[Insight-users] moving image and memory

Fri Jul 9 08:15:59 EDT 2004

Hi Luis,

first of all, thanks for your reply.

Of course I was thinking about computing some kind of bounding box as 
well. However, I then thought that some sophisticated memory handling 
would be more appropriate. First of all, it's rather difficult to 
estimate the size of the security margin. If the region should be the 
same during the whole registration run and if we consider that there 
might be regions where the region covered by the initial transform and 
the region covered by the final transform don't even overlap, I can't 
really think about a good way to estimate the security margin.

Calculating the region for every iteration and reloading it every time 
is probably not quite efficient with respect to performance. Only 
loading that part from disk that has changed from iteration n-1 to 
iteration n is rather difficult, because it can't just be "appended" to 
the image (or can it?). So I would have to allocate a new region for the 
image and to copy the old and the new data (i.e the data loaded from 
disk in iteration n) in there. This is, however, time consuming as well...

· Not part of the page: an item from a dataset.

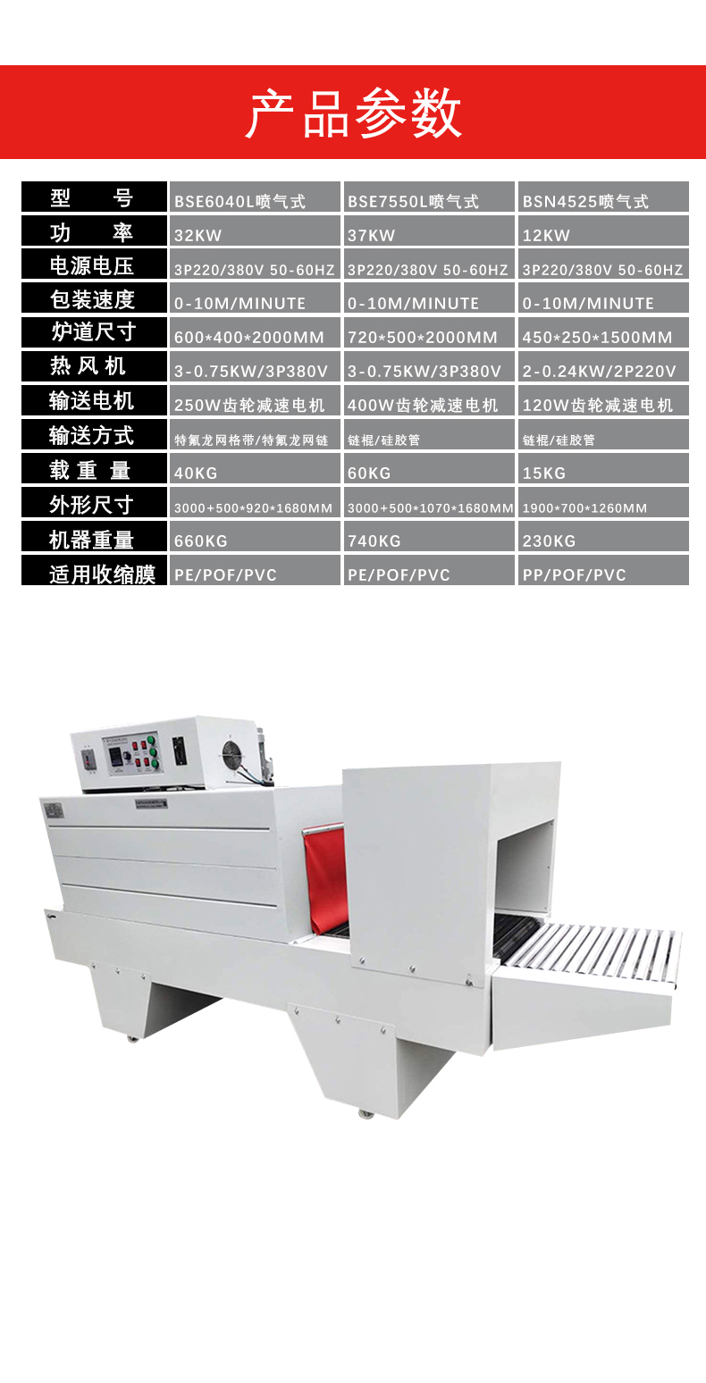 • 功率:功率大小與加熱能力和設(shè)備的生產(chǎn)效率有關(guān)。功率范圍一般在 5 - 50 千瓦之間,具體取決于熱收縮機(jī)的尺寸、加熱通道的長度和加熱溫度等因素。大功率的設(shè)備能夠更快地將空氣加熱到所需溫度,適用于大型生產(chǎn)線或?qū)Πb速度要求較高的場合。
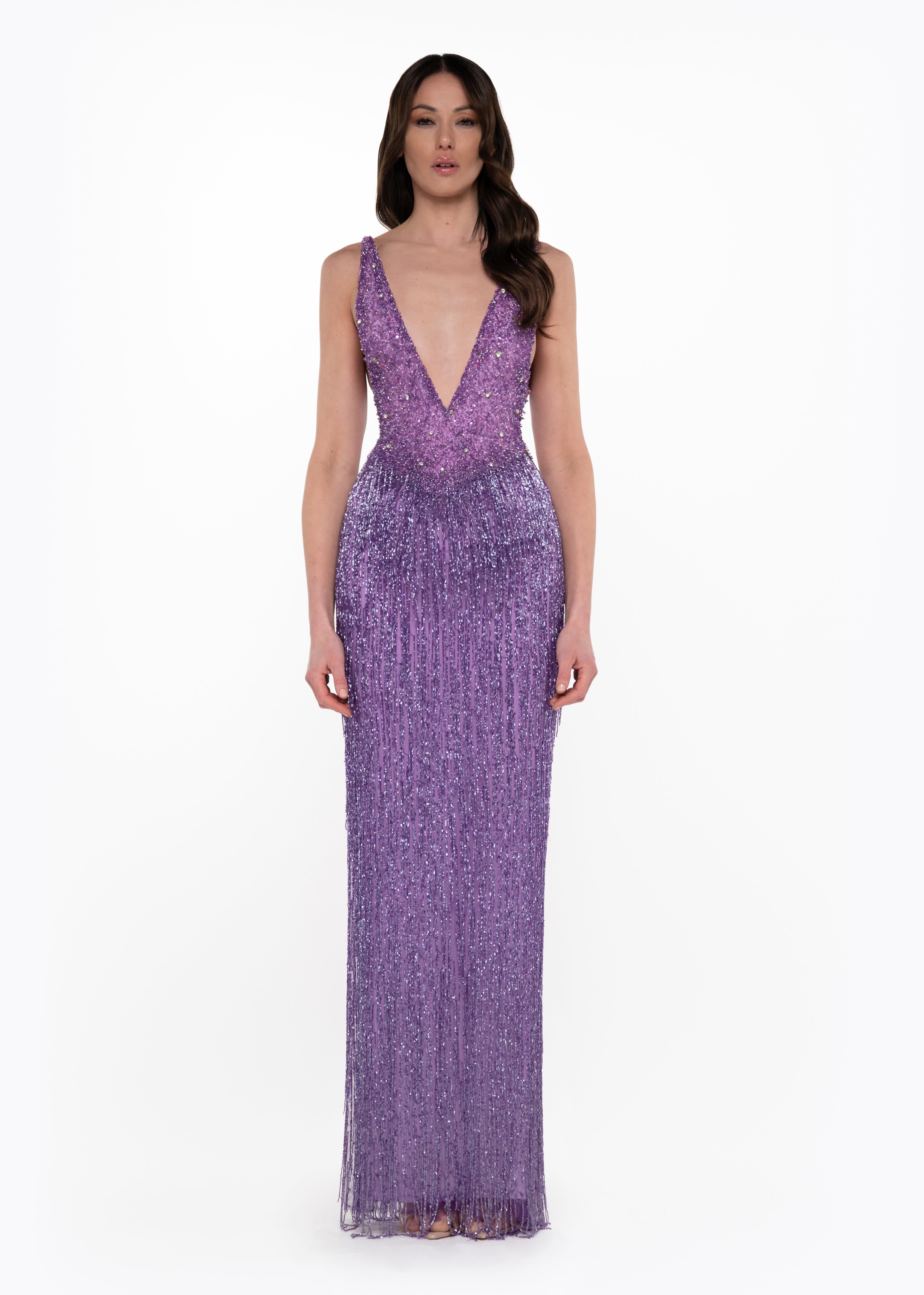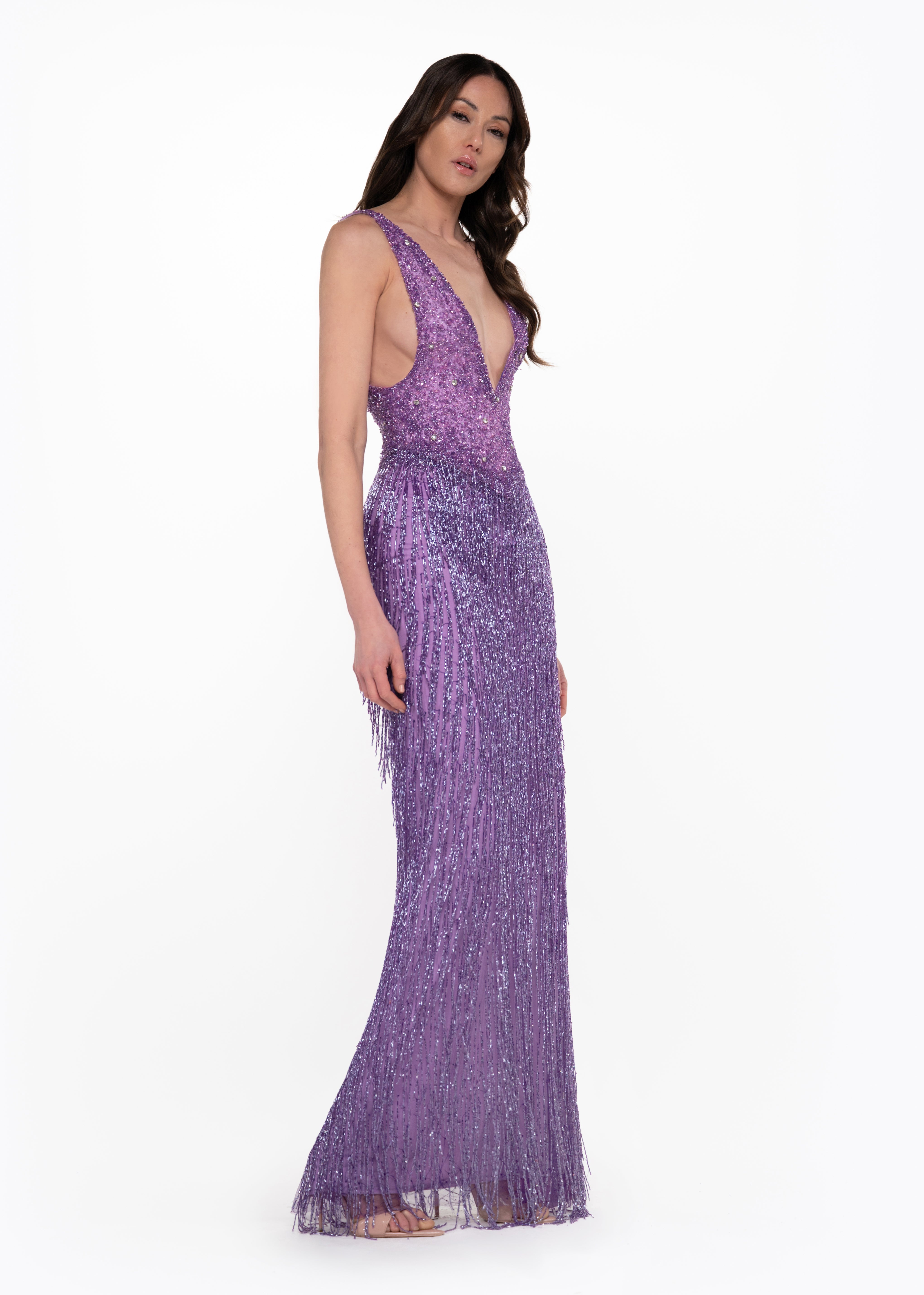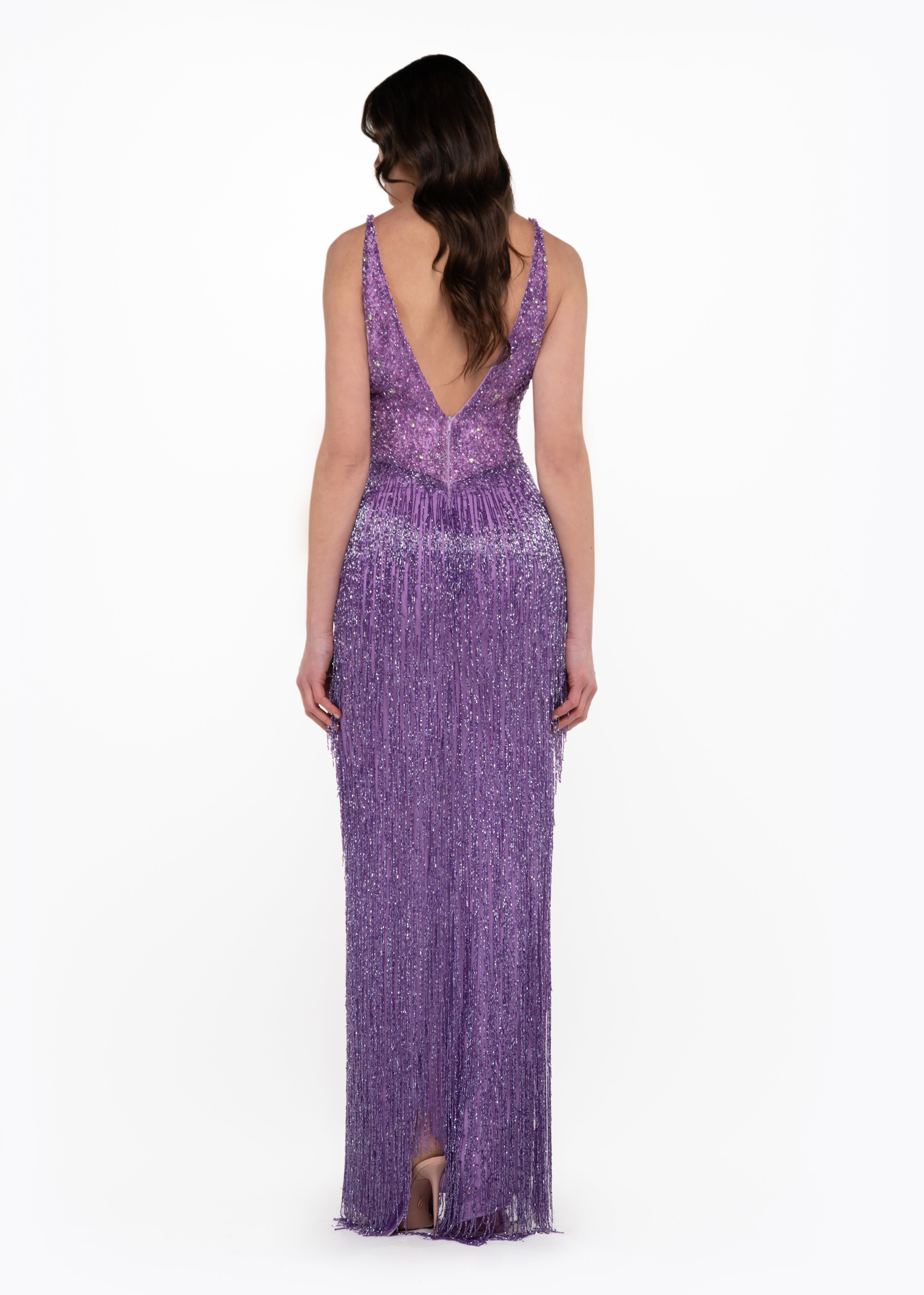 • Gradient beadwork transitioning into fringe

Therefore I thought about using some caching strategy. Caching (between 
harddisk and memory) is already provided by the operating system in the 
form of demand paging. However, I guess this won't work well with our 
images as I've explained in the first mail. Therefore I guess it's 
better to implement some caching methods either independent from or 
supporting the OS paging.

Here some ideas that I've had concerning the problem:

1) A metric takes a fixed and a moving image mask. In my opinion it 
would be reasonable to have an option that ensures that the requested 
region of the fixed and the moving image is no larger than the bounding 
box of this mask. That way, a user has a chance to control the region of 
the moving image that has to be in memory. Maybe it's better to add a 
member "moving image region" that does this task (in order not to misuse 
the mask). Of course, the same can be reached by the user by inserting 
some filter that does this job right before connecting the pipeline to 
the registration method.

2) Concerning caching I thought about the following:
If I'm not mistaken, all metric functions in the basic registration 
framework indirectely access the moving image by the GetPixel() method. 
Indirectely, because it's acctually the interpolator that does it (in 
the case of the bspline interpolator not the moving but the coefficient 
image is accessed, as far as I've seen). If this is not correct, please 
let me know. I didn't go into too much detail yet, so I might be wrong. 
Considering this way of accessing pixels, it would be possible to write 
an image class that stores its data in blocks rather than row by row:

 -------------------
¦ A  ¦ B  ¦ C  ¦ D  ¦
¦1 2 ¦5 6 ¦... ¦    ¦
¦3 4 ¦7 8 ¦    ¦    ¦
¦-------------------¦
¦... ¦    ¦    ¦    ¦
¦    ¦    ¦    ¦    ¦
¦    ¦    ¦    ¦    ¦
¦-------------------¦
¦    ¦    ¦    ¦    ¦
¦    ¦    ¦    ¦    ¦
¦    ¦    ¦    ¦    ¦
 -------------------

It shouldn't be too much work to write a GetPixel() method that can 
access such a data structure. The advantage of such a structure is, that 
regions that are close to each other in the image are also close to each 
other in memory.

Using such a structure, I see basically see two ways to improve the 
situation. A first way is to rely on the OS paging. Since, less pages 
are needed to store a (typical) region of interest, paging would 
probably work much better with such a structure than with the original 
structure. Maybe a memory mapped file could be used to store the image 
on disk and maybe a more efficient ordering of the blocks (than A, B, C, 
...) could further increase locality of disk accesses.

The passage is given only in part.